=== RECORDS SUPPLIED ===

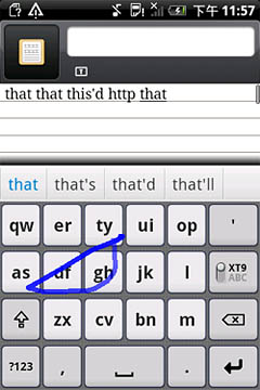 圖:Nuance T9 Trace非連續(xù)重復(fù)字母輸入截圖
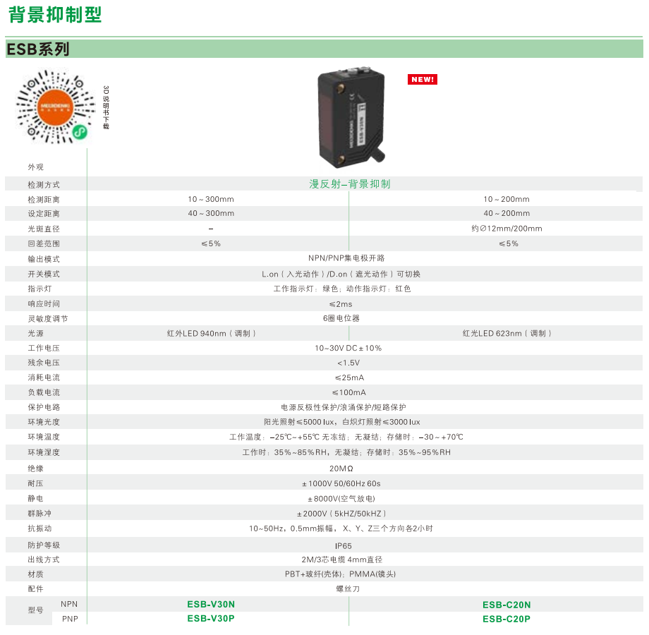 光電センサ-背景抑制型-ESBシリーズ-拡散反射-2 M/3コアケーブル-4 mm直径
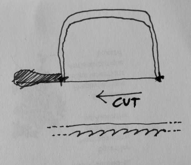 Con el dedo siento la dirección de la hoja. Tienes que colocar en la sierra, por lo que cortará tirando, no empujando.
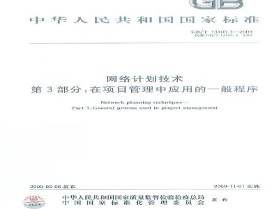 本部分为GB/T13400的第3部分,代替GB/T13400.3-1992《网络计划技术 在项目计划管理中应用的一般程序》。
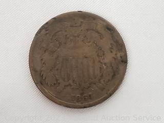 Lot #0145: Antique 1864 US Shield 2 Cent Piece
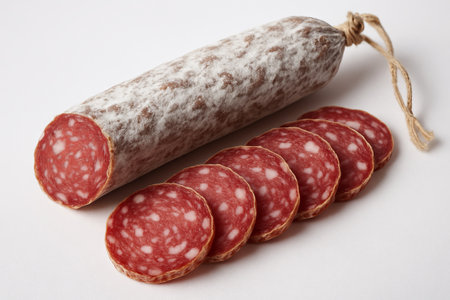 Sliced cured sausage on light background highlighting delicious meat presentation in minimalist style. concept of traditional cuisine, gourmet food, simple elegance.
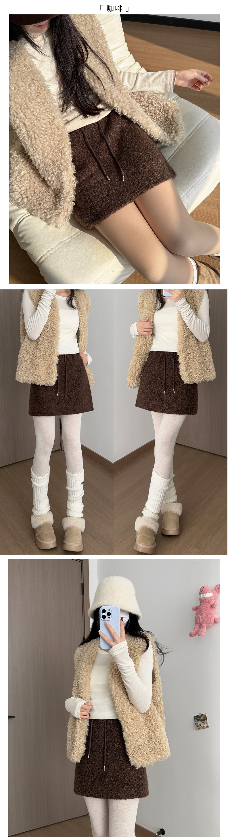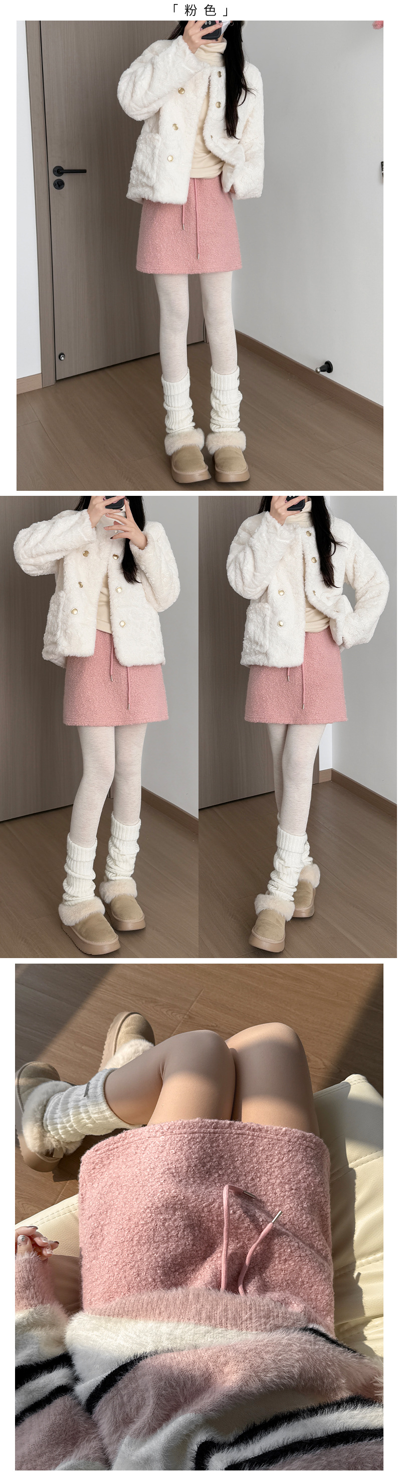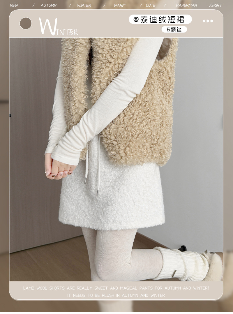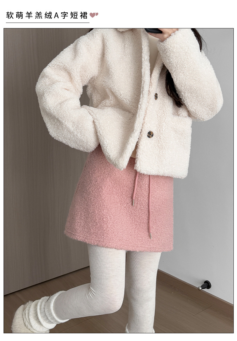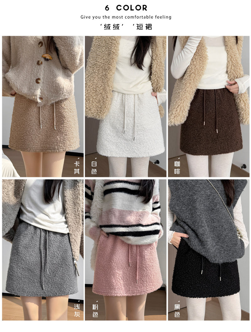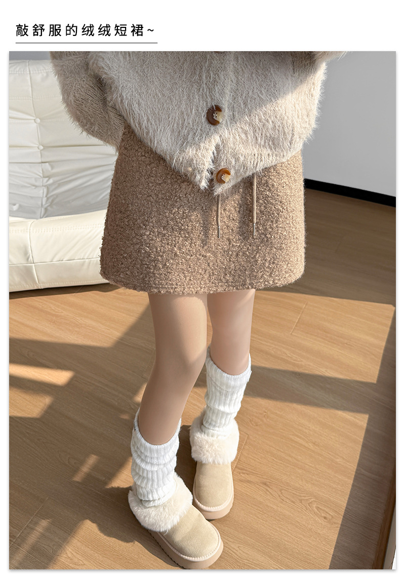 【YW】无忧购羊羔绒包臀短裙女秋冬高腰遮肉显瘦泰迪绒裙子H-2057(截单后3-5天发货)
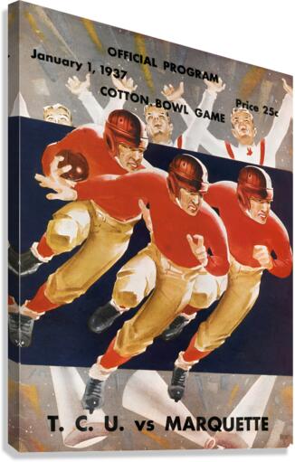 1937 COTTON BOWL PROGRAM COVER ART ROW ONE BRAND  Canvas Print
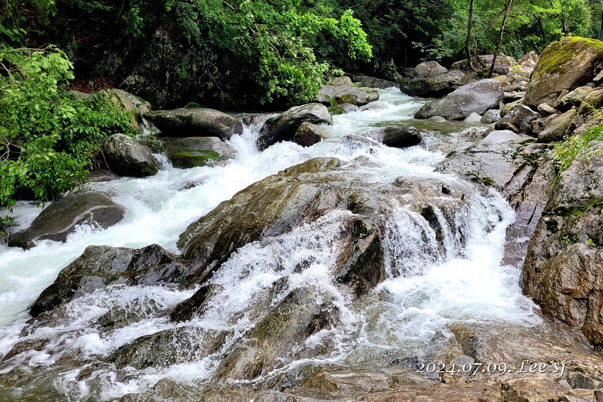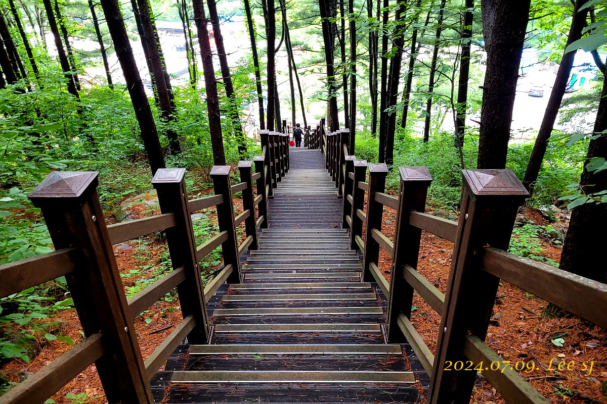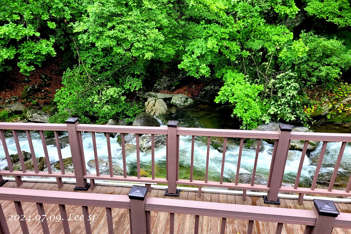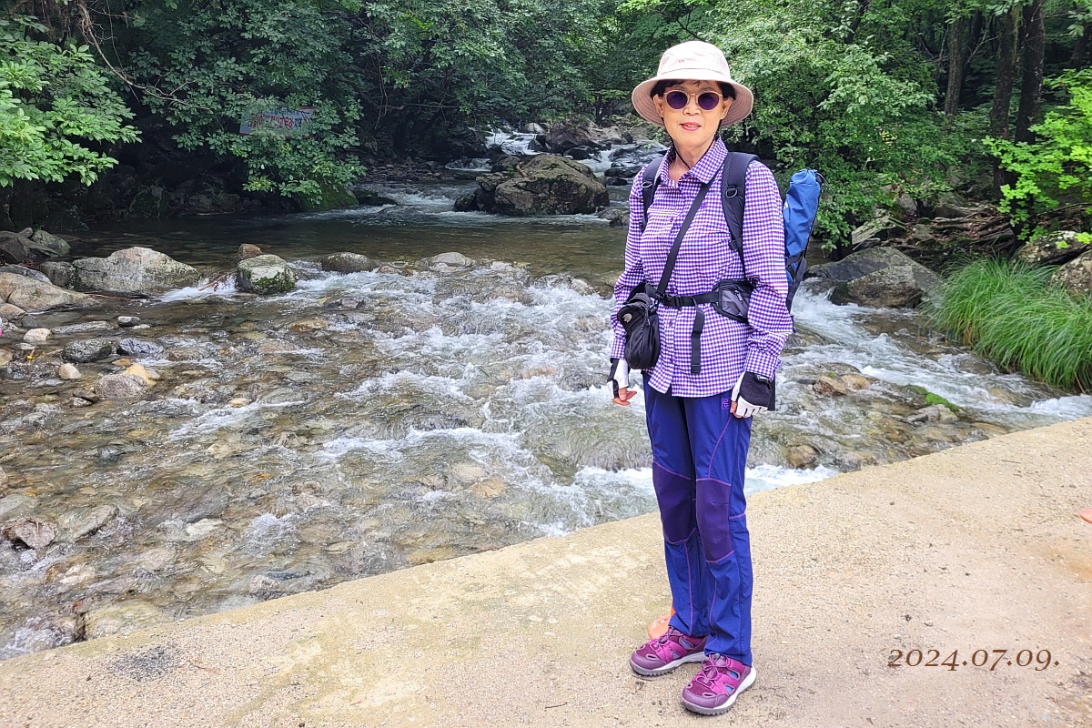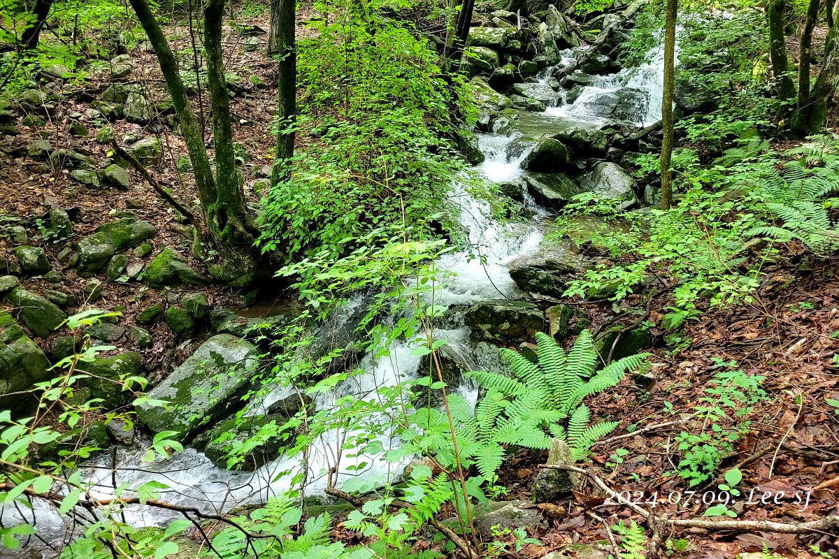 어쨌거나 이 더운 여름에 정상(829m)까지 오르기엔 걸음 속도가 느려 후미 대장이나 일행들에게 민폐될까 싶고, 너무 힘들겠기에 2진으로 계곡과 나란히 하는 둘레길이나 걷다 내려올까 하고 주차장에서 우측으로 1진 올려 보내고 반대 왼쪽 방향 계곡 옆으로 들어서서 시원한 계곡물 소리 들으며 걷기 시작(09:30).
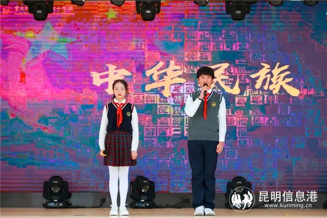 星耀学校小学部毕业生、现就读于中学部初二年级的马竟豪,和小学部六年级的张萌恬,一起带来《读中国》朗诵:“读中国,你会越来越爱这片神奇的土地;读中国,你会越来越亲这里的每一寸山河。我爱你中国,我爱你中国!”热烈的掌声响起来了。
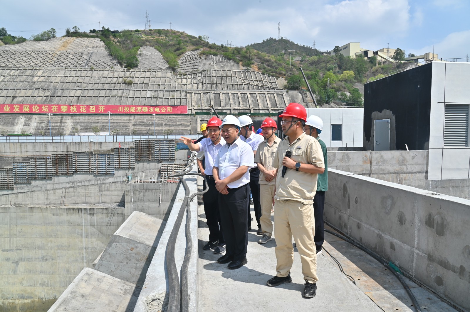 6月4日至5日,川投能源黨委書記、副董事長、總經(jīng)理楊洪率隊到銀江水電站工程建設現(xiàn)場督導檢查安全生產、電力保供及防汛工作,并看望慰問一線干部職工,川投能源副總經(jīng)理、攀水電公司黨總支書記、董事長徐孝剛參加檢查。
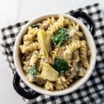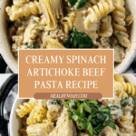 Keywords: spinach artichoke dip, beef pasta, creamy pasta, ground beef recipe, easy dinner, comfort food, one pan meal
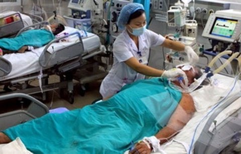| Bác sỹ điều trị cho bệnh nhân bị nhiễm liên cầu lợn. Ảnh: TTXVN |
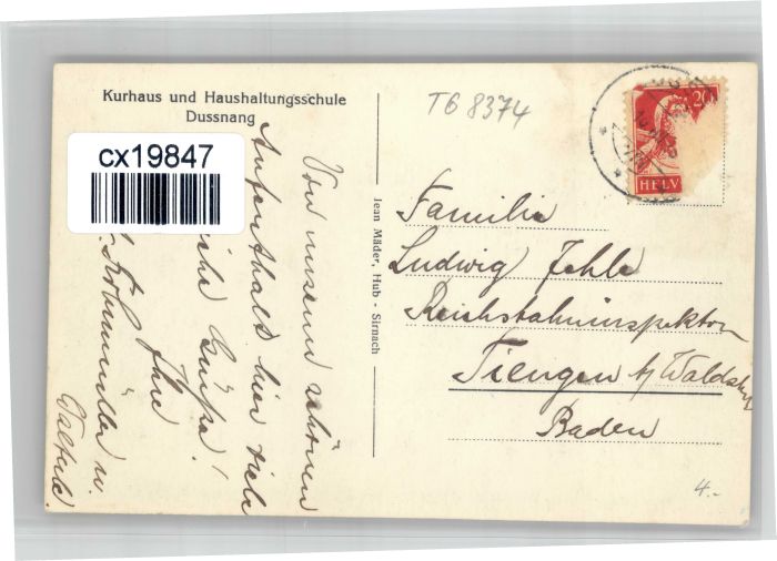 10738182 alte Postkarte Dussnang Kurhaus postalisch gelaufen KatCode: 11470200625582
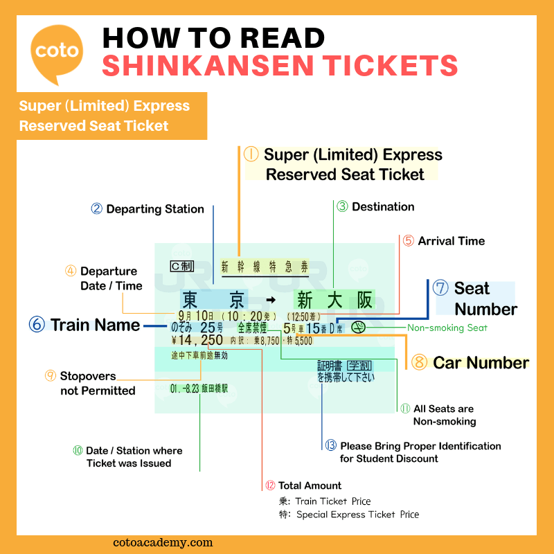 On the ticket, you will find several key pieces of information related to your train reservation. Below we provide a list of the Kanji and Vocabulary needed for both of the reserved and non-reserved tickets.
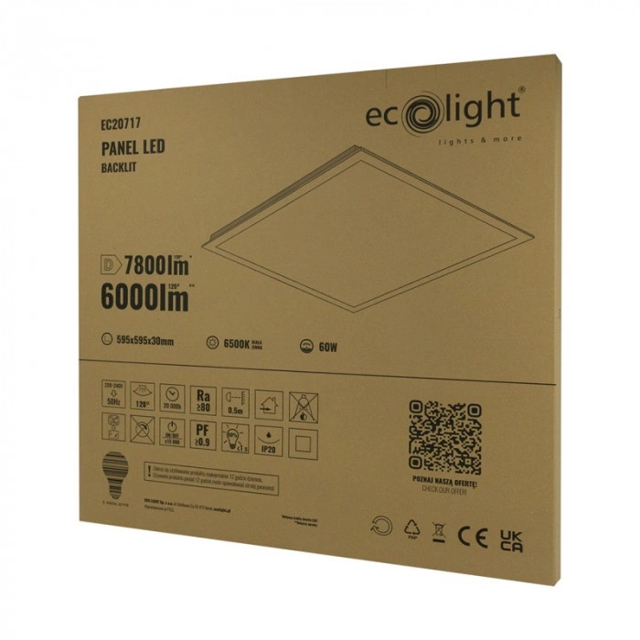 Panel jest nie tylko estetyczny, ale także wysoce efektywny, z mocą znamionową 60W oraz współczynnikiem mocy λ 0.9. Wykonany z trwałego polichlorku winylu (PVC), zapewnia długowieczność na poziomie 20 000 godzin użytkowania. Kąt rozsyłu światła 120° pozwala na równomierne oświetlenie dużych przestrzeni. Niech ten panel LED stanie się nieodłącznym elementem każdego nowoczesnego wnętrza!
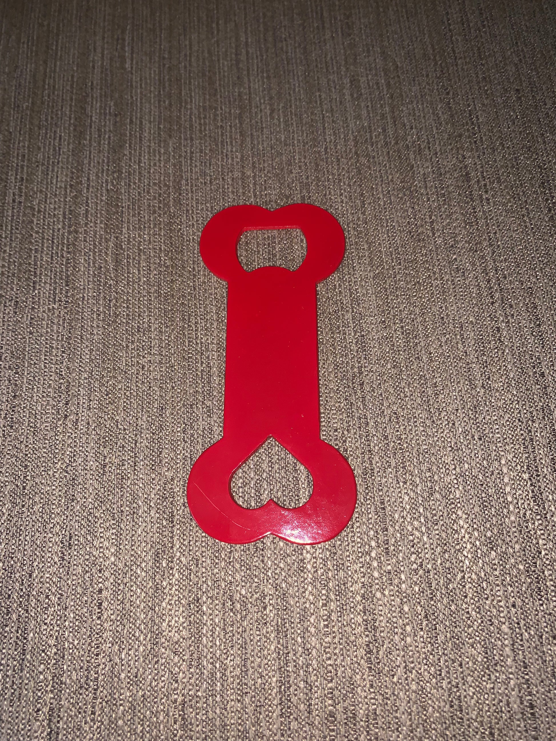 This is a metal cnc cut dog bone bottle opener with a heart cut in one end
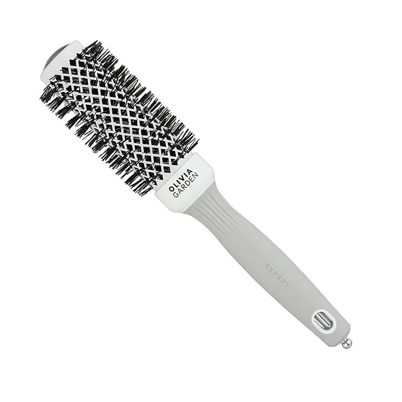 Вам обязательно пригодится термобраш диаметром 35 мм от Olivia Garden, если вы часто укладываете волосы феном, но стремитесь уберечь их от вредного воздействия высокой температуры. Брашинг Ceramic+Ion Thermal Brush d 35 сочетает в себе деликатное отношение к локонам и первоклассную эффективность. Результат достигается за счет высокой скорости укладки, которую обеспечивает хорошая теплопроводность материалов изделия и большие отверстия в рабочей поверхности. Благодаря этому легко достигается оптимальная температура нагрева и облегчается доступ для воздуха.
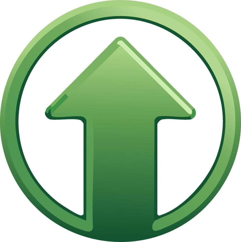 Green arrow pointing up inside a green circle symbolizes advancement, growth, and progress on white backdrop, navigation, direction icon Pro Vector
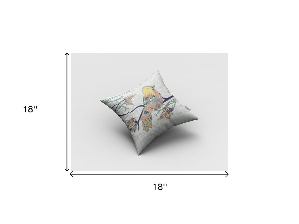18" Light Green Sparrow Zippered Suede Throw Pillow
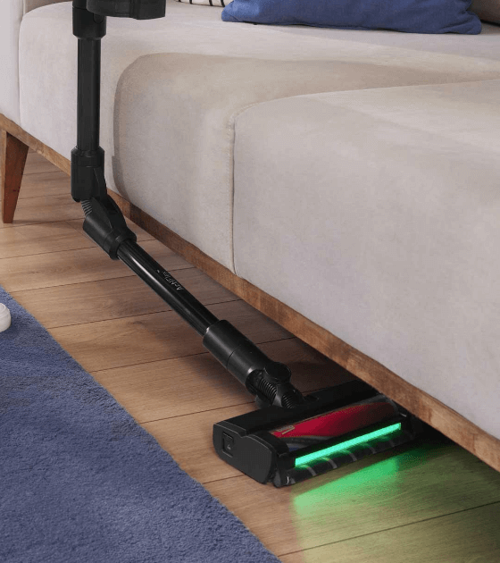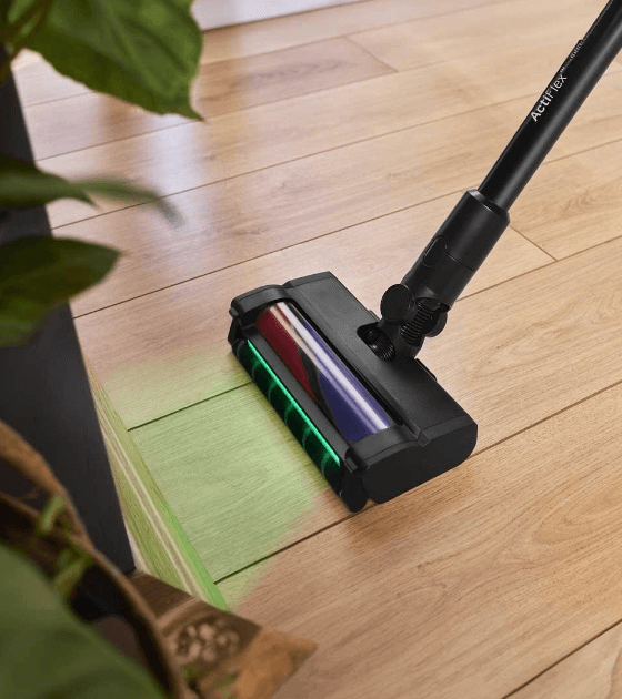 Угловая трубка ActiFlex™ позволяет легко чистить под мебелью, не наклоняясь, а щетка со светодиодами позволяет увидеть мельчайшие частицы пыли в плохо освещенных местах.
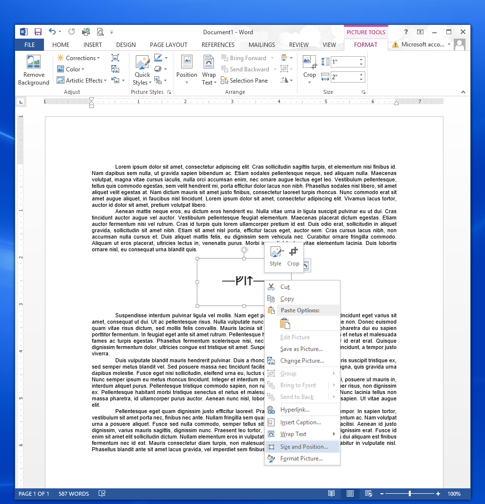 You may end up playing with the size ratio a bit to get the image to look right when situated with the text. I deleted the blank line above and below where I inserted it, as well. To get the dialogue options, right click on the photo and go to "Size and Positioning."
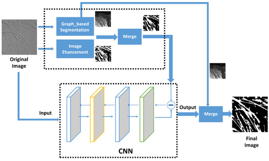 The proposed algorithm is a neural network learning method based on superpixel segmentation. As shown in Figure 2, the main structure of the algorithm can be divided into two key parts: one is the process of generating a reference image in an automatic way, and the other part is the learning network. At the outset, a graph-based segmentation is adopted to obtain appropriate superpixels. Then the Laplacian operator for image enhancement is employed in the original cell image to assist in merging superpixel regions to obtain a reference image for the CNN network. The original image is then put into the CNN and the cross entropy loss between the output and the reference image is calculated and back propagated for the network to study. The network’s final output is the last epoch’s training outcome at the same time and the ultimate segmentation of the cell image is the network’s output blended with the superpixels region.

===

**TASK OBJECTIVE**
With the images excluded, all entries are to be given again exactly.

**TASK RESPONSE**
 圖:Nuance T9 Trace非連續(xù)重復(fù)字母輸入截圖
 光電センサ-背景抑制型-ESBシリーズ-拡散反射-2 M/3コアケーブル-4 mm直径
 Con el dedo siento la dirección de la hoja. Tienes que colocar en la sierra, por lo que cortará tirando, no empujando.
 本部分为GB/T13400的第3部分,代替GB/T13400.3-1992《网络计划技术 在项目计划管理中应用的一般程序》。
 Lot #0145: Antique 1864 US Shield 2 Cent Piece
 Sliced cured sausage on light background highlighting delicious meat presentation in minimalist style. concept of traditional cuisine, gourmet food, simple elegance.
 【YW】无忧购羊羔绒包臀短裙女秋冬高腰遮肉显瘦泰迪绒裙子H-2057(截单后3-5天发货)
 1937 COTTON BOWL PROGRAM COVER ART ROW ONE BRAND  Canvas Print
 어쨌거나 이 더운 여름에 정상(829m)까지 오르기엔 걸음 속도가 느려 후미 대장이나 일행들에게 민폐될까 싶고, 너무 힘들겠기에 2진으로 계곡과 나란히 하는 둘레길이나 걷다 내려올까 하고 주차장에서 우측으로 1진 올려 보내고 반대 왼쪽 방향 계곡 옆으로 들어서서 시원한 계곡물 소리 들으며 걷기 시작(09:30).
 星耀学校小学部毕业生、现就读于中学部初二年级的马竟豪,和小学部六年级的张萌恬,一起带来《读中国》朗诵:“读中国,你会越来越爱这片神奇的土地;读中国,你会越来越亲这里的每一寸山河。我爱你中国,我爱你中国!”热烈的掌声响起来了。
 6月4日至5日,川投能源黨委書記、副董事長、總經(jīng)理楊洪率隊到銀江水電站工程建設現(xiàn)場督導檢查安全生產、電力保供及防汛工作,并看望慰問一線干部職工,川投能源副總經(jīng)理、攀水電公司黨總支書記、董事長徐孝剛參加檢查。
 Keywords: spinach artichoke dip, beef pasta, creamy pasta, ground beef recipe, easy dinner, comfort food, one pan meal
| Bác sỹ điều trị cho bệnh nhân bị nhiễm liên cầu lợn. Ảnh: TTXVN |
 10738182 alte Postkarte Dussnang Kurhaus postalisch gelaufen KatCode: 11470200625582
 On the ticket, you will find several key pieces of information related to your train reservation. Below we provide a list of the Kanji and Vocabulary needed for both of the reserved and non-reserved tickets.
 Panel jest nie tylko estetyczny, ale także wysoce efektywny, z mocą znamionową 60W oraz współczynnikiem mocy λ 0.9. Wykonany z trwałego polichlorku winylu (PVC), zapewnia długowieczność na poziomie 20 000 godzin użytkowania. Kąt rozsyłu światła 120° pozwala na równomierne oświetlenie dużych przestrzeni. Niech ten panel LED stanie się nieodłącznym elementem każdego nowoczesnego wnętrza!
 This is a metal cnc cut dog bone bottle opener with a heart cut in one end
 Вам обязательно пригодится термобраш диаметром 35 мм от Olivia Garden, если вы часто укладываете волосы феном, но стремитесь уберечь их от вредного воздействия высокой температуры. Брашинг Ceramic+Ion Thermal Brush d 35 сочетает в себе деликатное отношение к локонам и первоклассную эффективность. Результат достигается за счет высокой скорости укладки, которую обеспечивает хорошая теплопроводность материалов изделия и большие отверстия в рабочей поверхности. Благодаря этому легко достигается оптимальная температура нагрева и облегчается доступ для воздуха.
 Green arrow pointing up inside a green circle symbolizes advancement, growth, and progress on white backdrop, navigation, direction icon Pro Vector
18" Light Green Sparrow Zippered Suede Throw Pillow
 Угловая трубка ActiFlex™ позволяет легко чистить под мебелью, не наклоняясь, а щетка со светодиодами позволяет увидеть мельчайшие частицы пыли в плохо освещенных местах.
 You may end up playing with the size ratio a bit to get the image to look right when situated with the text. I deleted the blank line above and below where I inserted it, as well. To get the dialogue options, right click on the photo and go to "Size and Positioning."
 The proposed algorithm is a neural network learning method based on superpixel segmentation. As shown in Figure 2, the main structure of the algorithm can be divided into two key parts: one is the process of generating a reference image in an automatic way, and the other part is the learning network. At the outset, a graph-based segmentation is adopted to obtain appropriate superpixels. Then the Laplacian operator for image enhancement is employed in the original cell image to assist in merging superpixel regions to obtain a reference image for the CNN network. The original image is then put into the CNN and the cross entropy loss between the output and the reference image is calculated and back propagated for the network to study. The network’s final output is the last epoch’s training outcome at the same time and the ultimate segmentation of the cell image is the network’s output blended with the superpixels region.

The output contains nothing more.